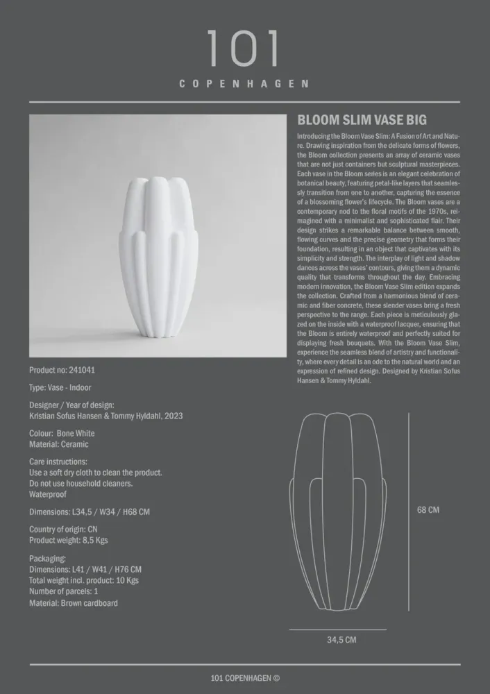 Bloom Vase Slim是對該系列的延伸,採用陶瓷與纖維混凝土的融合,呈現纖細的設計,為系列帶來嶄新視角。
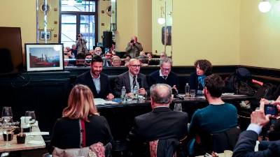 Z leve Babuder, De Filippo, Conte in Mazzolini, na levi pa ena od Contejevih fotografij (LUCA TEDESCHI/FOTODAMJ@N) Tržaška Fotografije o tržaški železarni in njenem koncu Jadran Vecchiet | 10. apr. 2025 | 11:43
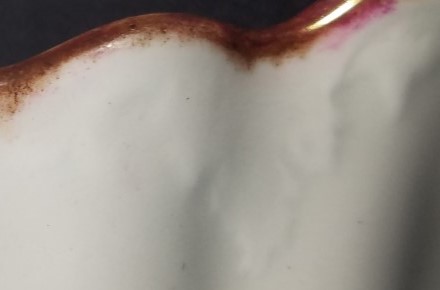 Johnson Brothers' elaborate Acanthus features embossed elongated leaves. Even flatware pieces such as ordinary plates and bowls are decorated with triangular shaped leaves on the rim border. Holloware pieces such as the ewer and the sugar bowl have deeply ruffled melon ribs. This body style is sometimes confused with Chelsea.
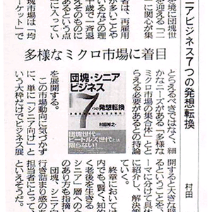 日経MJ編集委員の石鍋仁美さんによる『マーケティングの「非・常識」』に拙著「団塊・シニアビジネス 7つの発想転換」に関するコラムが掲載されました。

* _Exercise requirements_
Copy out every line above, word for word, minus images.

* _Written solution_
 Bloom Vase Slim是對該系列的延伸,採用陶瓷與纖維混凝土的融合,呈現纖細的設計,為系列帶來嶄新視角。
 Z leve Babuder, De Filippo, Conte in Mazzolini, na levi pa ena od Contejevih fotografij (LUCA TEDESCHI/FOTODAMJ@N) Tržaška Fotografije o tržaški železarni in njenem koncu Jadran Vecchiet | 10. apr. 2025 | 11:43
 Johnson Brothers' elaborate Acanthus features embossed elongated leaves. Even flatware pieces such as ordinary plates and bowls are decorated with triangular shaped leaves on the rim border. Holloware pieces such as the ewer and the sugar bowl have deeply ruffled melon ribs. This body style is sometimes confused with Chelsea.
 日経MJ編集委員の石鍋仁美さんによる『マーケティングの「非・常識」』に拙著「団塊・シニアビジネス 7つの発想転換」に関するコラムが掲載されました。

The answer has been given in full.